In molte situazioni, saremo capaci a far rientrare il nostro livello di attivazione all’interno della finestra di tolleranza, altre volte, non riusciremo a trovare strategie di regolazione emotiva, che ci consentano di tornare all’interno della finestra dai tolleranza. Uno degli obiettivi della psicoterapia è quello imparare a riappropriarsi del controllo sulla propria emotività, di calmarci quando ci sentiamo troppo “attivati” e di attivarci quando ci sentiamo troppo “apatici” e di ampliare l’ampiezza della finestra di tolleranza, in modo tale che, per uscire dai confini della stessa, sia necessario un livello di iper o tipo attivazione elevato.

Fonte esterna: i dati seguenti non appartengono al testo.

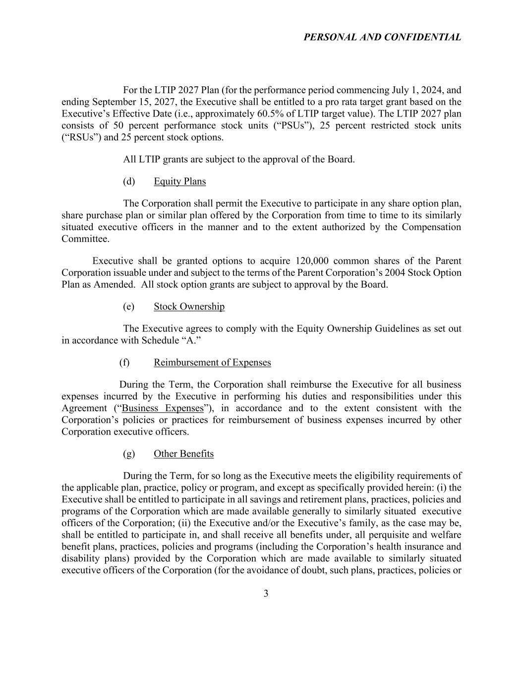 PERSONAL AND CONFIDENTIAL 3 For the LTIP 2027 Plan (for the performance period commencing July 1, 2024, and ending September 15, 2027, the Executive shall be entitled to a pro rata target grant based on the Executive’s Effective Date (i.e., approximately 60.5% of LTIP target value). The LTIP 2027 plan consists of 50 percent performance stock units (“PSUs”), 25 percent restricted stock units (“RSUs”) and 25 percent stock options. All LTIP grants are subject to the approval of the Board. (d) Equity Plans The Corporation shall permit the Executive to participate in any share option plan, share purchase plan or similar plan offered by the Corporation from time to time to its similarly situated executive officers in the manner and to the extent authorized by the Compensation Committee. Executive shall be granted options to acquire 120,000 common shares of the Parent Corporation issuable under and subject to the terms of the Parent Corporation’s 2004 Stock Option Plan as Amended. All stock option grants are subject to approval by the Board. (e) Stock Ownership The Executive agrees to comply with the Equity Ownership Guidelines as set out in accordance with Schedule “A.” (f) Reimbursement of Expenses During the Term, the Corporation shall reimburse the Executive for all business expenses incurred by the Executive in performing his duties and responsibilities under this Agreement (“Business Expenses”), in accordance and to the extent consistent with the Corporation’s policies or practices for reimbursement of business expenses incurred by other Corporation executive officers. (g) Other Benefits During the Term, for so long as the Executive meets the eligibility requirements of the applicable plan, practice, policy or program, and except as specifically provided herein: (i) the Executive shall be entitled to participate in all savings and retirement plans, practices, policies and programs of the Corporation which are made available generally to similarly situated executive officers of the Corporation; (ii) the Executive and/or the Executive’s family, as the case may be, shall be entitled to participate in, and shall receive all benefits under, all perquisite and welfare benefit plans, practices, policies and programs (including the Corporation’s health insurance and disability plans) provided by the Corporation which are made available to similarly situated executive officers of the Corporation (for the avoidance of doubt, such plans, practices, policies or

Uno degli obiettivi della psicoterapia è l’ampliamento della finestra di tolleranza delle emozioni: questa ci permetterà di confrontarci con gli eventi, piuttosto che evitarli, in modo tale che possano essere elaborati emotivamente. 

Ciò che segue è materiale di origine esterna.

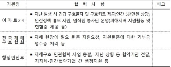 협약서의 주요 내용은 재난현장에 필요한 식료품·생필품 등 구호물품 제공, 이마트24 편의점을 활용한 재난안전정책 홍보 지원, 임직원 봉사단의 피해지역 지원활동 및 헌혈증 제공 등이다.
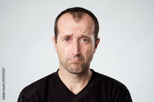 man, sad, unhappy, sorrowful, expression, face, portrait, caucasian, adult, concept, photogenic, male, sorry, unlucky, delusion, bad luck, depression, bad, luck, disappointment, frustration, crisis, stress, confused, remorse, closeup, confusion, despair, executive, fear, head, mistake, nervous, panic, quit, scared, thought, worry, breakup, fractured, shame, abuse, conflict, defeat, desperation, emotion, employee

Nel lavoro in psicoterapia favoriremo una posizione di osservazione sulle nostre sensazioni. Cerchiamo di dare un nome alle emozioni che viviamo, di comprenderne la funzione, le strategie utilizzate per gestirle, i bisogni non soddisfatti,  le emozioni permesse e quelle proibite in famiglia, impareremo a migliorare la nostra capacità di regolare le emozioni. Comprenderemo di cosa avremmo avuto bisogno, ad esempio, se da bambini ci siamo sentiti criticati, possiamo esserci sentiti tristi e inferiori e per silenziare la vergogna e il rifiuto dell’altro, abbiamo ricercato il successo per piacere e sentirci accettati dagli altri o fatto uso di sostanze per evitare di pensare alla nostra solitudine. La comprensione delle nostre emozioni ci aiuterà a sintonizzarci sulla mente delle persone per noi importanti, a conoscere i suoi pensieri, le sue emozioni, le motivazioni e le intenzioni, spesso celate dietro comportamenti aggressivi o di disinteresse, che non riusciamo a vedere.